I just saw a friend’s Facebook post announcing their new baby to the world. It of course included a shoutout to his wife who’d been incredible. She of course would have been, labour is hard. But so is miscarriage and those women, my wife included, never get the recognition for their bravery in the face of suffering with no happy ending.

It starts with small spots with blood. The first time it happened we tried to think of every reason to ignore it and Googled frantically for explanations that would normalise it. By our fourth miscarriage those few spots made what happened next feel almost inevitable. Medical professionals brush us off in various ways, politely or abruptly, because once a miscarriage has started there’s nothing they can do, but they don’t want to say that. Eventually the pain gets too much and we rush to Accident and Emergency. The junior doctor fumbles about, we’re at the bottom of his list because there’s nothing he can do, but he doesn’t want to say that. He’s too young to understand what he’s seeing and he’s overworked but the older female nurses stand silent with knowing looks on their faces, they recognise and feel the tragedy they are witnessing.
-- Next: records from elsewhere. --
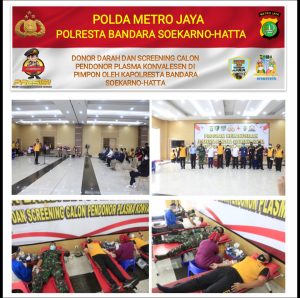 Polresta Bandara Soekarno-Hatta mengadakan donor darah dan Screening calon pendonor plasma konvalesen yang dipimpin oleh Kapolresta Bandara Soekarno-Hatta Kombes Pol Adi Ferdian Sahputra, Sabtu (13/02/2021)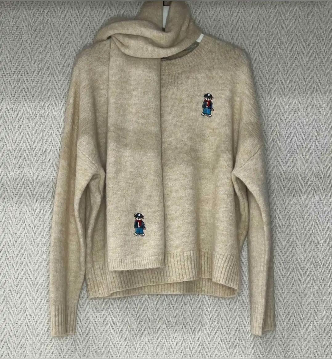 Precioso Jersey con Bufanda a juego con un osito bordado.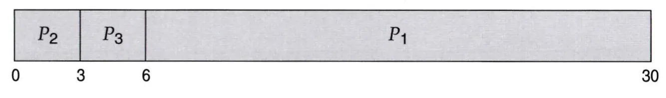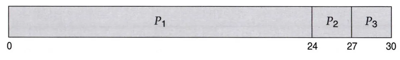 프로세스 P1은 24 ms, P2는 3 ms, P3가 3 ms의 버스트 시간을 가지고 1, 2, 3의 순으로 CPU 요청한 상황이다.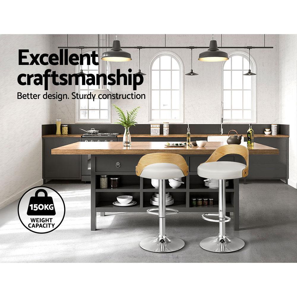 Artiss Bar Stools Kitchen Gas Lift Wooden Stool Metal Barstools White Swivel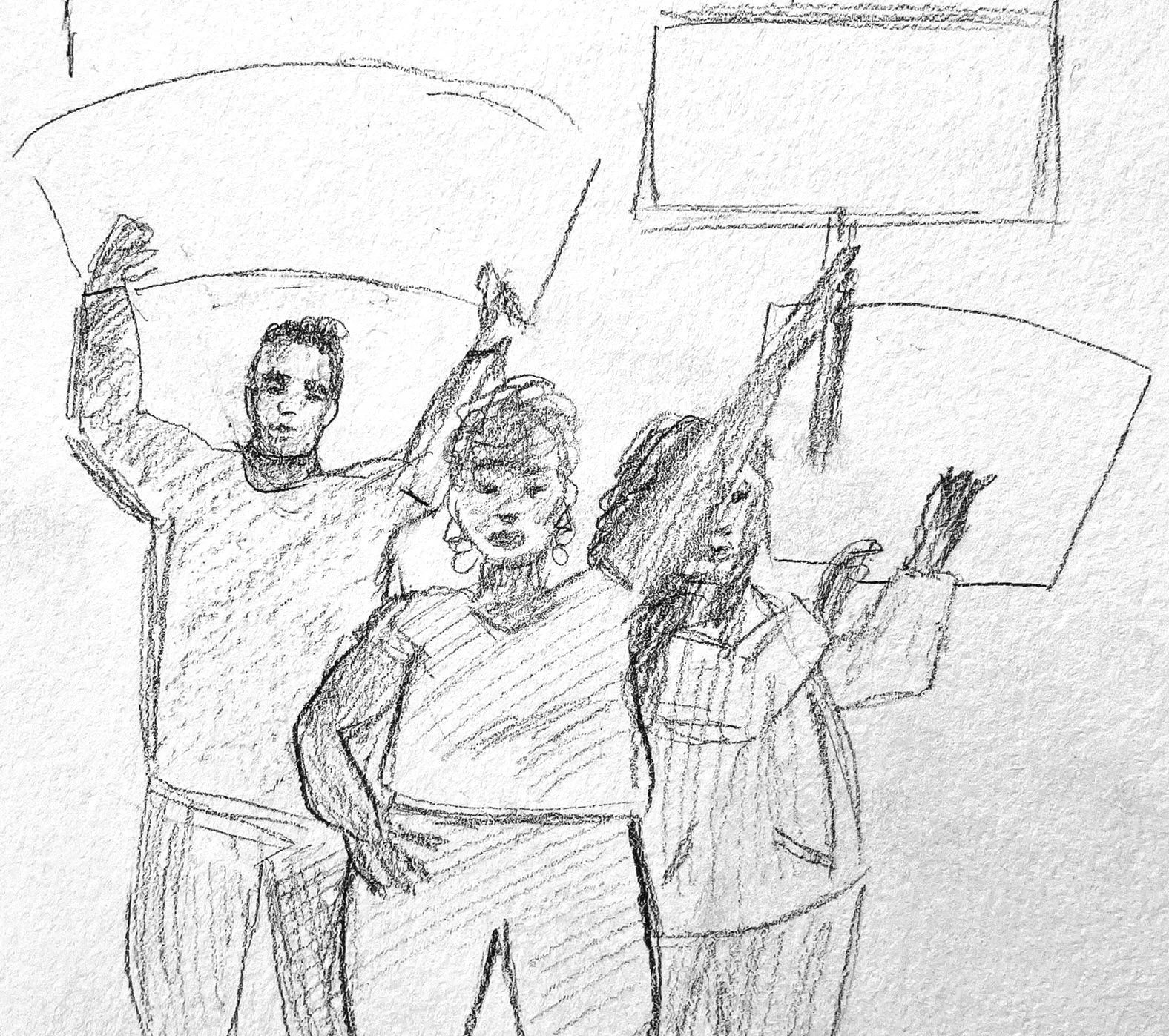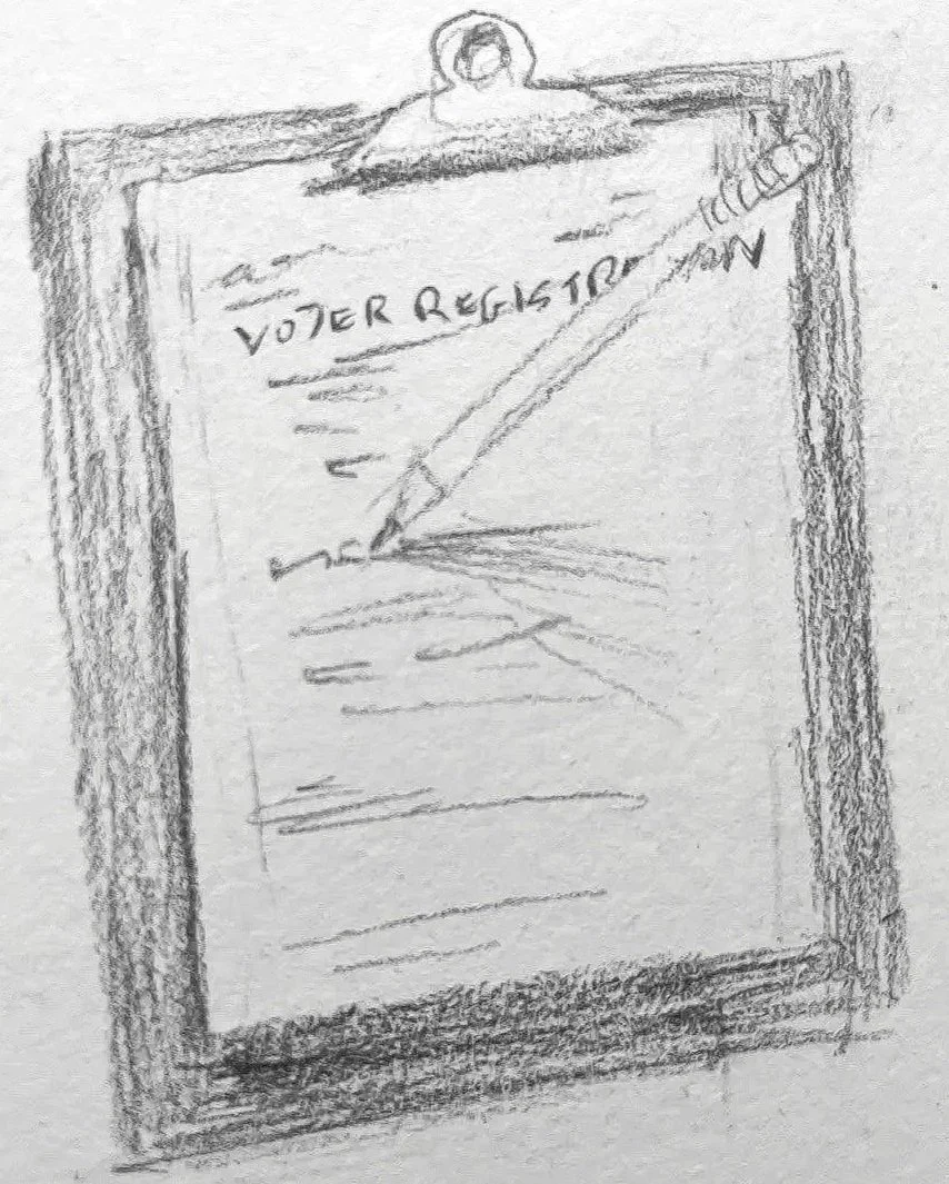 I was commissioned by the host of Sunday Civics on SiriusXM, L. Joy Williams, to create custom marketing art for promoting her podcast and civic engagement work, 2022.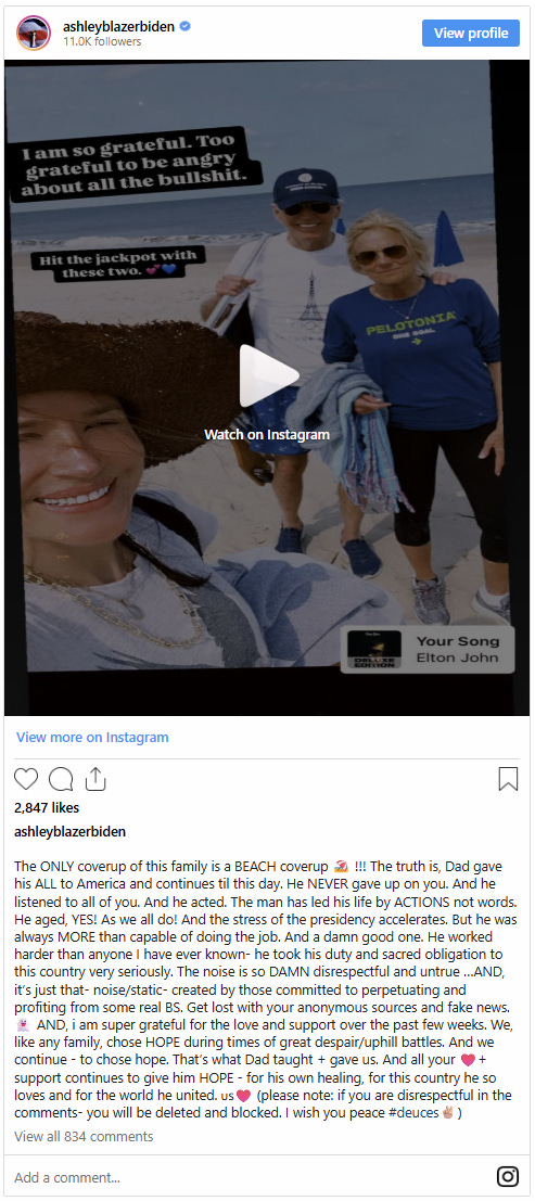 “The ONLY coverup of this family is a BEACH coverup,” Ashley Biden wrote. “The truth is, Dad gave his ALL to America and continues ’til this day.”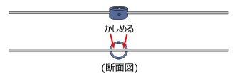 1) 4mm径樹脂パイプを固定具に挿入し、真ん中で固定します。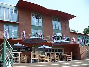 The McDade Center location was once the site of Crawford House, the 1898 Tudor Revival home of coal operator, baron, and Peoples Coal Company owner James L. Crawford.[77] In 1992, several years after Crawford's wife died, Lackawanna County purchased the estate to serve as the Juvenile Detention Center.[77] In 1989, after four years of negotiations, the University of Scranton acquired Crawford House.[78] Originally, the university planned to renovate and restore the property, where it would relocate the Admissions and Financial Aid offices as well as a combinations switchboard and a visitors area.[78] However, the university discovered that the interior damage was too severe and that it would not be economically feasible to renovate it.[79] The university's decision to demolish the Crawford House ignited fierce controversy because of strong opposition from local historical organizations, such as the Lackawanna Historical Society, the State Historic Preservation Office, and the Architectural Heritage Association who believed the house "represent[ed] the lifestyle of a coal baron of the late nineteenth century," and was therefore significant for Scranton, a city founded on coal.[79] In an attempt to compromise with those upset by the potential demolition of Crawford House, the university proposed that the building be relocated in order to preserve its historical aspects but this too proved too costly so Crawford House was demolished in 1991. Rather than using the site for administrative offices as originally planned, the university decided to build the Instructional Arts Facility which would be home to the English and Theater departments, as the need for performing arts space was identified back in 1983.[74] The Crawford House was subsequently delisted from the National Register in 1992.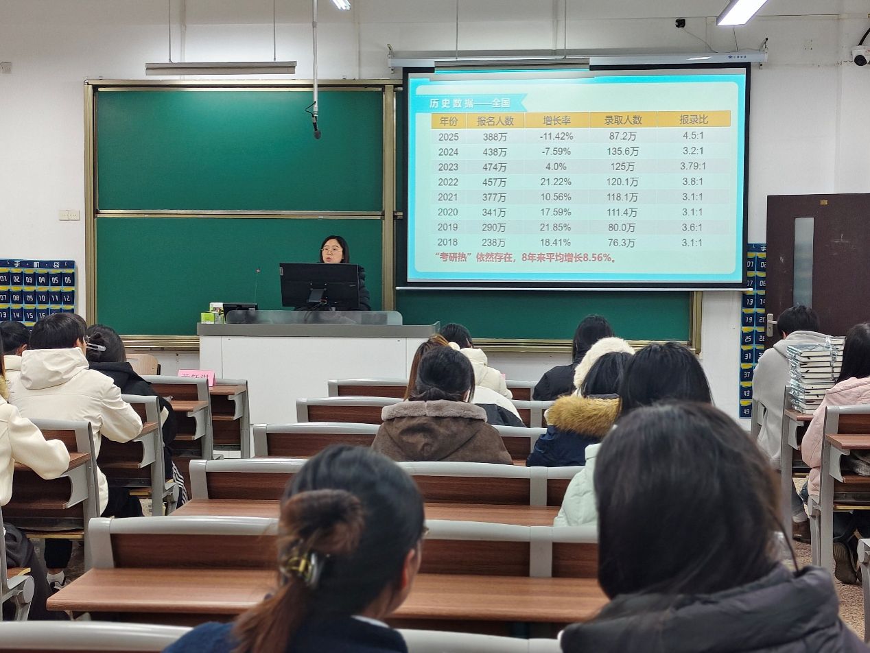 陈晖副书记结合就业市场趋势与考研政策变动,强调研究生学历是应对人才竞争、进入核心岗位的重要保障,鼓励同学们将个人深造与国家科技自立自强需求紧密结合。他叮嘱大家理性择校、科学制定复习计划,保持规律作息,学校与老师将全程提供支持。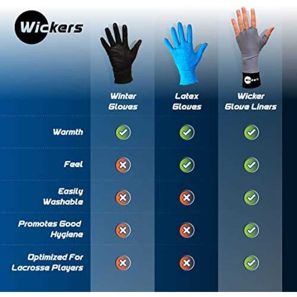 Stay warm in the winter Keep your hands and gloves smelling good Extend the life of your lacrosse gloves Maintain feel of your stick Ditch the rubber surgical gloves Wickers Glove Liners keep your hands warm in the winter and smelling good, without impacting the feel of your stick.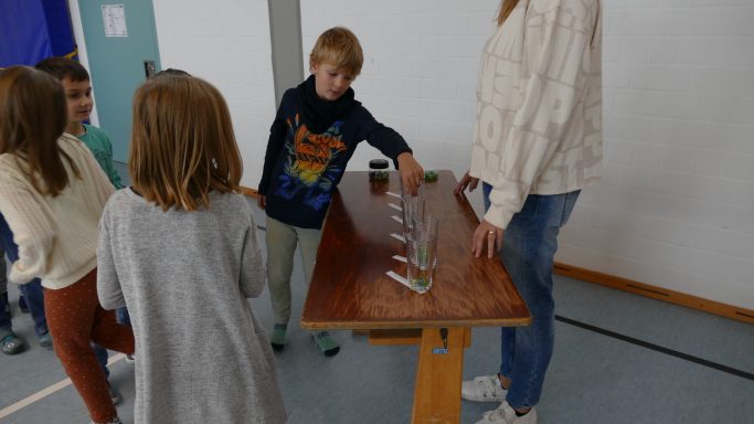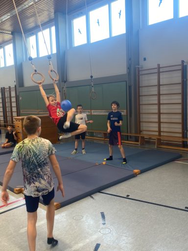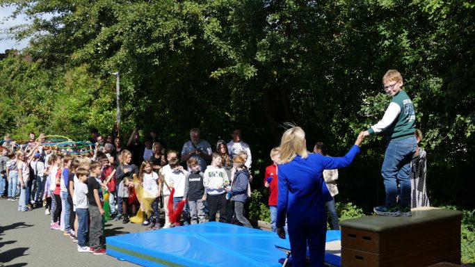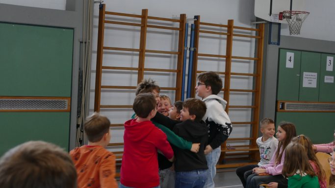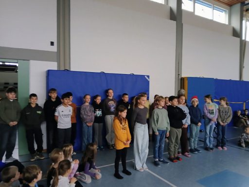 Die Schüler der Klasse 4b waren in ihren Gruppen kreativ und haben sich selbst Geräte & Choreografie für ihren Part in der Zirkusvorstellung ausgesucht.
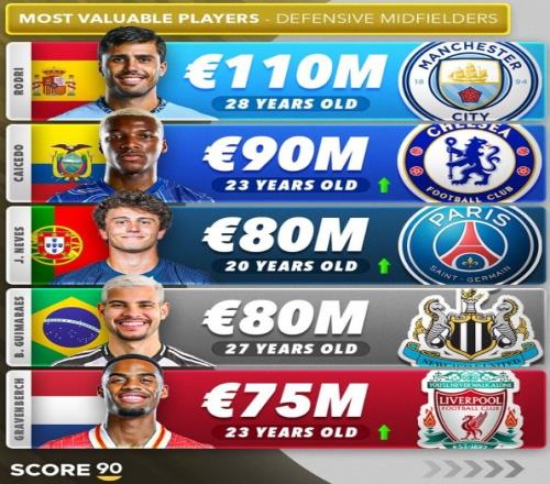 体育资讯6月13日报道宣称 2024-25赛季结束,Score 90更新了防守型中场的身价排行,其中,曼城中场罗德里1.1亿欧元排名第一,切尔西的凯塞多9000万欧元第二。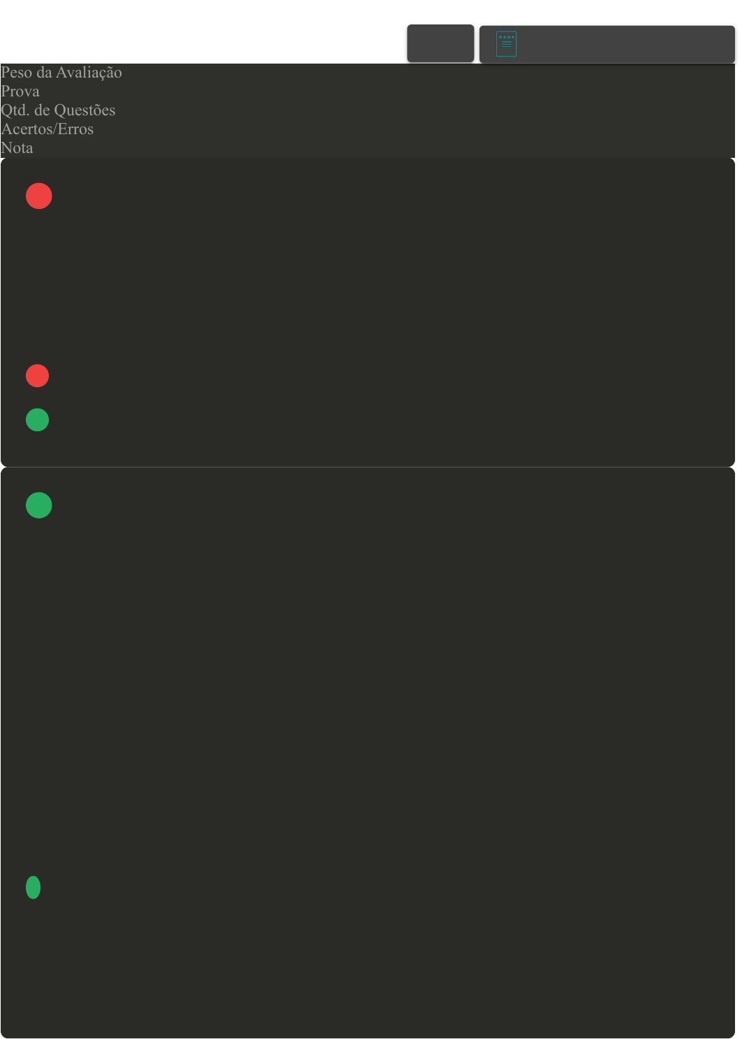 23/05/2023, 16:48 Avaliação I - Individual about:blank 1/5 Prova Impressa GABARITO | Avaliação I - Individual (Cod.:826774) Peso da Avaliação 1,50 Prova 63969893 Qtd. de Questões 10 Acertos/Erros 8/2 Nota 8,00 A depreciação corresponde à perda do valor dos direitos que têm por objeto bens físicos sujeitos a desgastes ou perda de utilidade por uso, ação da natureza ou obsolescência. Qual a taxa anual de depreciação normalmente admitida pelo Fisco para uso normal dos bens (um turno de oito horas diárias) no caso de máquinas e equipamentos? A 4%. B Não possui depreciação. C 20%. D 10%. O CPC 00 (R1) apresenta a Estrutura Conceitual para Elaboração e Divulgação de Relatório Contábil-Financeiro. Sobre as considerações do CPC 00 (R1) com relação ao ativo, assinale a alternativa CORRETA: FONTE: http://www.cpc.org.br/CPC/Documentos-Emitidos/Pronunciamentos/Pronunciamento? Id=80. Acesso em: 17 maio 2021. A As contas do Ativo representam bens e obrigações da empresa. B As movimentações das contas do Ativo obedecem ao grau de liquidez dos fatos. C Ativo é um recurso controlado pela entidade como resultado de eventos passados e do qual se espera que fluam futuros benefícios econômicos para a entidade. D As contas Patrimoniais e de Resultado figuram as movimentações e os saldos das contas do Ativo. VOLTAR A+ Alterar modo de visualização 1 2 23/05/2023, 16:48 Avaliação I - Individual about:blank 2/5 Segundo Ribeiro (2009, p. 637), o Ativo Circulante é constituído pelos Bens e pelos Direitos que estão em contínua circulação no patrimônio e que serão realizados até o término do exercício social subsequente. Considerando esse conceito, analise a seguinte situação: Uma empresa efetuou uma venda em 01/02/2020 no valor de R$ 63.000,00 em 28 vezes, sendo que o recebimento da primeira parcela está previsto para 01/03/2020 (para fins de resolução da questão, considere que você esteja no ano de 2020). Considerando como as parcelas deverão ser contabilizadas, assinale a alternativa CORRETA: FONTE: RIBEIRO, Osni Moura. Contabilidade Intermediária. 2. ed. São Paulo: Editora Saraiva, 2009. A R$ 63.000,00 no longo prazo. B R$ 22.500,00 no curto prazo e R$ 40.500,00 no longo prazo. C R$ 49.500,00 no curto prazo e R$ 13.500,00 no longo prazo. D R$ 27.000,00 no curto prazo e R$ 36.000 no longo prazo. Uma empresa adquiriu uma máquina para produção de tecidos pelo valor de R$ 10.000,00. Para instalação, a empresa gastou R$ 2.000,00. A máquina ficou pronta para uso em 01/10/2020. A empresa calcula a depreciação usando o método linear. Com base nos dados informados, qual será a despesa de depreciação da máquina no mês de outubro de 2020? A R$ 83,34. B R$ 90,00. C R$ 66,67. D R$ 100,00. Ativo Circulante refere-se aos bens e direitos que em curto prazo serão convertidos em dinheiro para o empreendimento. Os elementos que fazem parte desse ativo podem variar de acordo com o perfil da empresa. Já o Ativo não Circulante, remete à ideia de uma característica mais rígida desse tipo de ativo. Os ativos não circulantes são bens e direitos que serão transformados em dinheiro em médio ou longo prazo. Com base nesse contexto, avalie as asserções a seguir e a relação proposta entre elas: 3 4 5 23/05/2023, 16:48 Avaliação I - Individual about:blank 3/5 I- Ativo é um recurso controlado pela entidade como resultado de eventos passados e do qual se espera que fluam futuros benefícios econômicos para a entidade. PORQUE II- Ao avaliar se um item se enquadra na definição de ativo, deve-se atentar para a sua essência subjacente e realidade econômica, e não apenas para sua forma legal. Assinale a alternativa CORRETA: A A assertiva II contraria a ideia expressa na assertiva I. B As assertivas I e II são proposições excludentes. C As assertivas I e II são proposições falsas. D As duas assertivas são proposições verdadeiras, e a segunda é uma justificativa correta da primeira. As contas a receber representam os valores a receber advindos de vendas a prazo de mercadorias e/ou serviços a clientes, podendo também ser oriundos de outras transações. Essas outras transações não estão ligadas diretamente à atividade principal da empresa, por isso é necessário que haja a segregação dos seus valores. Sobre as contas que participam da segregação no contas a receber, classifique V para as sentenças verdadeiras e F para as falsas: ( ) A pagar de clientes comerciais. ( ) Contas a receber de partes relacionadas. ( ) Pagamentos antecipados. ( ) Outros montantes, denominados verbas. Assinale a alternativa que apresenta a sequência CORRETA: A F - F - V - V. B V - V - F - F. C V - F - F - V. D F - V - V - F. Ativos Intangíveis são ativos não físicos por natureza, ou seja, não podem ser tocados. São incorpóreos representados por bens e direitos associados a uma organização. Sobre as características do Ativo Intangível abordado pelo CPC 04, classifique V para as sentenças verdadeiras e F para as falsas: ( ) Um ativo intangível será baixado somente quando for alienado. ( ) Valor residual de um ativo intangível é o lucro estimado que uma entidade obteria com a venda do ativo. ( ) Cada ativo intangível deve ter divulgado: sua vida útil, seu método de mensuração, valores e conciliações. ( ) Ativo intangível com vida útil indefinida não deve ser amortizado. 6 7 23/05/2023, 16:48 Avaliação I - Individual about:blank 4/5 Assinale a alternativa que apresenta a sequência CORRETA: FONTE: COMITÊ DE PRONUNCIAMENTOS CONTÁBEIS. CPC 04 (R1) - Ativo intangível. Disponível em: http://www.cpc.org.br/CPC/Documentos- Emitidos/Pronunciamentos/Pronunciamento?Id=35. Acesso em: 29 ago. 2016. A V - F - F - V. B F - V - V - F. C F - F - V - V. D V - V - F - F. A depreciação acumulada é o valor que um ou mais bens perdem em um determinado período de uso. Essa desvalorização pode ocorrer por diversos fatores. Dentre eles, o mai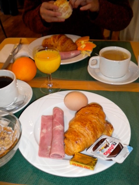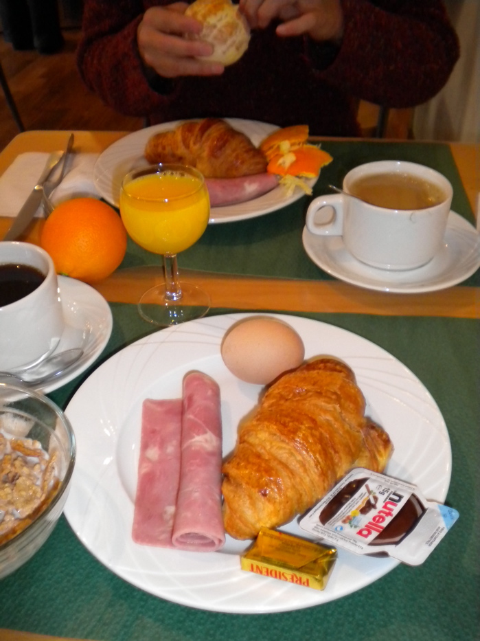 The morning next we had breakfast at the hotel, a petit dejeuner of a hard-boiled egg, a croissant, ham and juice and coffee.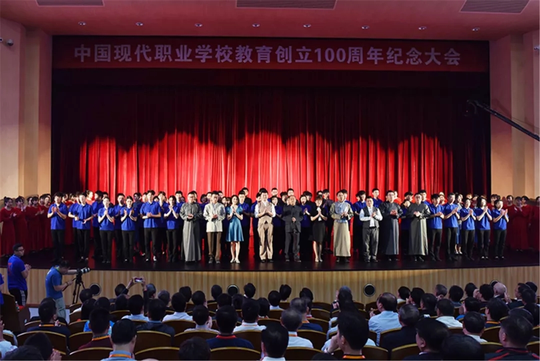 纪念大会前夕,我校师生通过音诗画表演,再现了中国现代职业学校教育的百年历程,歌颂了先贤们“职教救国”的高尚情操以及对国家民族的深厚情感。

The next bit is what most find unbelievable but I’ve seen it multiple times; my wife is very tough when it comes to pain but as the contractions kick in the morphine barely takes the edge off. By the sixth time we’re experts and ask for morphine upfront which makes me feel like some kind of drug user trying to scam meds out of the hospital but I can’t just come out and say “get out of here with your paracetamol”. I want to but I’m too British.

In that situation, no one is rushing onto Facebook or Instagram to say “she was incredible”. The first few times it happened to us we barely talked about it to each other. But she was incredible. All that pain and no joy at the end, rather the loss of a dream and a life. The pain of healthy childbirth is subsumed by the joy of new life but the pain of miscarriage is carried for life. As the years have gone on I have felt our loss more, not less. And it is in that very pain, not despite it, that Lizzie has gone on to help many others in the same situation. She got back late Saturday night (pretty exhausted) from a day helping women struggling with their own childlessness. All of them living with uncertainty and pain and Lizzie and other wonderful friends sat, listened to and helped them as much they could in one day.

Pain doesn’t automatically make you a saint. This is the other error we fall into; the moment someone is in serious health trouble they become perfect and we say nothing but good about them. Plenty of people have let their pain turn them bitter and angry. So this isn’t my application for an OBE for Lizzie but to give her that moment; that six times she was incredible too and in the years since she has been even more incredible. To all the women out there who have been through baby loss, you were incredible too. You are not alone. It’s okay to grieve. Your story matters.